Is The U.S. Holocaust Museum Being Politicized?

By Rafael Medoff

Controversy has enveloped the United States Holocaust Memorial Museum, following the revelation that the museum was planning to issue a report claiming there was nothing President Barack Obama could have done to stop atrocities in Syria.

Facing a wave of criticism, the museum quickly withdrew the report—a step that has further fueled critics’ charge that the report was part of a political, not scholarly, agenda.

It was the most dramatic instance yet of the Museum’s leadership seemingly permitting political considerations to influence its positions. But it was far from the first time that the ostensibly non-political museum has become mired in controversy by taking sides in matters of political dispute.

“SHAME ON THE MUSEUM”
The new controversy concerns a report titled “Missed Opportunities for Prevention? A Study of US Policy and Atrocities in Syria Since 2011,” which was prepared by the staff of the Holocaust Museum’s Simon-Skjodt Center for the Prevention of Genocide. The report was posted on the Museum’s website, and was set to be officially released at a September 11 event hosted by the United States Institute of Peace, a federal government agency in Washington.
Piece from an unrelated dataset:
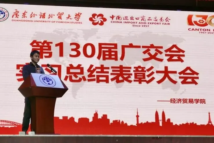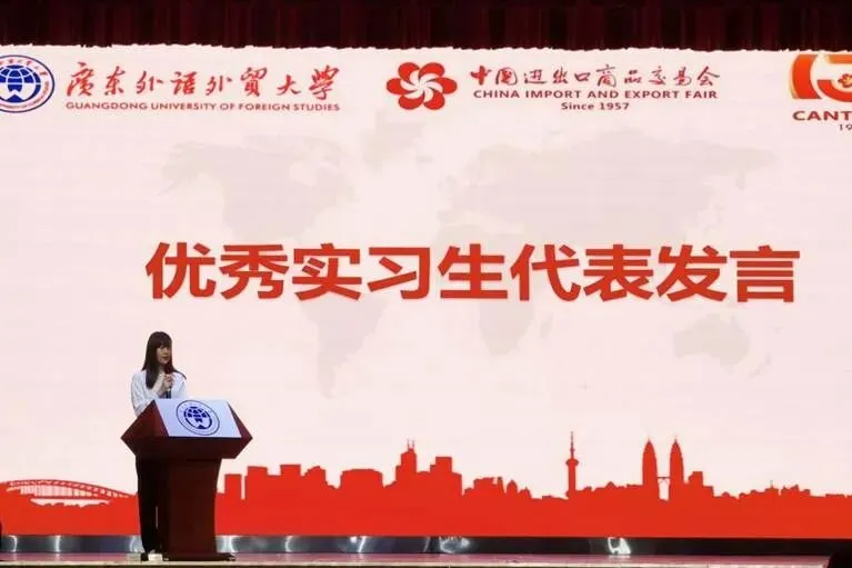 颁奖仪式结束后,优秀实习生代表国贸1903班的王璐瑶同学分享实习感言。在本次实习中,她体会到了实习的重要性,提高了人际沟通能力,明白了所肩负的任务和使命,并且从广交会开办的盛况中感受到了中国综合国力的强盛和对外贸易的繁荣发展。

There is a consensus among scholars, Syria experts and human rights activists that the Obama administration could have undertaken many steps that would have at least interrupted the atrocities perpetrated by the Assad regime against civilians. Those steps could have included establishing a no-fly zone over portions of Syria, carving out a haven for refugees within Syria’s borders, or acting to overthrow the Assad regime.

The Holocaust Museum’s report, by contrast, concluded that there was little or nothing Obama could have done. According to the report, “A variety of factors, which were more or less fixed, made it very difficult from the beginning for the US government to take effective action to prevent atrocities in Syria, even compared with other challenging policy contexts.”

The report chided human rights activists for their “lack of appreciation” for “the difficulty of [taking action] and limits of US influence.” It even argued that some types of US intervention might have made things worse and “might have actually increased atrocities.”

Armin Rosen, an investigative journalist for the online Jewish magazine Tablet, obtained an advance copy of the report and began contacting prominent Jewish commentators and officials of Jewish organizations for their comments. They unanimously responded with “shock and harsh criticism,” Rosen reported in his September 5 article.

The Jewish writer Leon Wieseltier, who was a prominent critic of Obama’s Syria policy and is now a fellow at the Brookings Institution, told Rosen: “Shame on the Holocaust Museum for releasing an allegedly scientific study that justifies bystanderism.” Wieseltier compared the Museum’s claims regarding Syria to the Roosevelt administration’s assertion, during the Holocaust, that nothing could be done to rescue any of the Jews in Europe.

Rosen said that “some Jewish communal leaders,” who did not want to be identified, said to him “that the Museum’s moral authority had been hijacked for a partisan re-writing of recent history, and alleged that the museum had absolved the Obama administration of any moral or political error in its response to mass atrocities in Syria.”

Rosen said he contacted more than 20 members of the council. Nineteen of them refused to discuss the Syria report; the 20th replied that he was not to blame because the report was commissioned prior to his appointment. But word of the negative reaction among communal leaders evidently spread quickly, because within hours, the Museum removed the report from its website and replaced it with this announcement:
“Last week the United States Holocaust Memorial Museum’s Simon-Skjodt Center for the Prevention of Genocide released a research study that examined several decision points during the Syrian conflict. Since its release, a number of people with whom we have worked closely on Syria since the conflict’s outbreak have expressed concerns with the study. The Museum has decided to remove the study from its website as we evaluate this feedback.”